In 1937, he got his big break. Teddy Hill, leader of a popular big band, used Dizzy on a recording session and then invited him to tour Europe. That Gillespie would be filling the seat of his idol, Roy Eldridge, gave the gig added prestige. Diz leapt at the chance. The tour was a success, and when he got back he had a little cash, a fine wardrobe and no job. The musicians' union in New York tore up his working papers, citing a rule that protected musicians' jobs from "foreigners," which, being from Philadelphia, Dizzy was considered to be. The rising star was obliged to cool his heels for a three-month waiting period.
As happened so often in Gillespie's career, misfortune led to happy coincidence. Reduced to sneaking out of town on gigs, he met his future wife, Lorraine, during a quick trip to Washington, D.C., where she was dancing in a chorus line that toured the Theater Owners Booking Association (TOBA) circuit. The company would start at the Apollo Theater in New York, go to the Standard or the Earle in Philly, move to Baltimore and then on to the Howard in D.C., always working three to five shows a day. It was a schedule that resulted in the TOBA circuit being dubbed "Tough On Black Artists." It was also, however, the mecca of black showbiz.

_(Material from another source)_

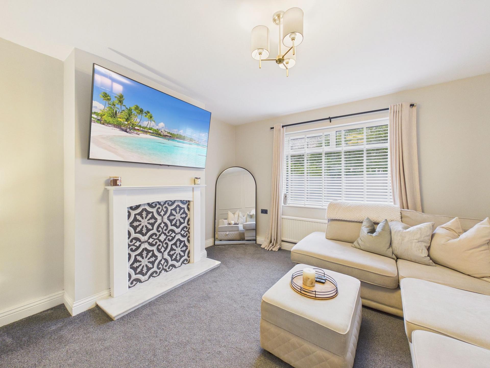 Upon entering, you are welcomed by an entrance hallway that sets the tone for the rest of the property. The beautiful lounge provides a warm and inviting atmosphere, featuring a striking decorative fire surround set to the chimney breast, creating an attractive focal point and a cosy space in which to relax or entertain guests.

Lorraine would later reveal that the Diz didn't cut such a dashing figure at the time. Any cigars Dizzy smoked in the early years must have been gifts from friends, "because when I met him he didn't have enough money to smoke a cigarette," she recalls. "It was much later that he began smoking those expensive Cubans."
Nevertheless, the two fell in love and, in 1940, were married. Gillespie would later credit Lorraine's calming influence with keeping him from distractions like drugs, which would cut down so many of his contemporaries in the prime of their careers.
In 1937, Dizzy met another person who would help shape his life: the Cuban trumpeter Mario Bauza. They dug each other immediately. Bauza became a father figure to Gillespie and, because he exposed him to Afro-Cuban music, was a profound influence on his musical philosophy. Bauza would also give the young man a tremendous career boost. After serving his three months in exile, the Diz was back with Teddy Hill. Hill's was one of the house bands at Harlem's premier jazz showcase of the era, the Savoy Ballroom. Work was steady until 1939, when Teddy's band was playing in the Savoy Ballroom Pavillion at the New York World's Fair. The band members were doing a lot of sets, and considered themselves seriously underpaid. They complained to the union and got fired. Dizzy was out of work, but not for long, as Mario Bauza came to the rescue.
Cab Calloway was "The Man" in 1939. His band was booked three years in advance and traveled in private railroad cars and on chartered buses. Bauza, who was playing with Calloway at the time, dug Dizzy so much that one night he gave up his trumpet chair so that his protégé could sit in and Cab could hear what was happening. Cab added Dizzy to his band immediately, and their relationship was solid until the legendary "Spit Ball Incident of 1941."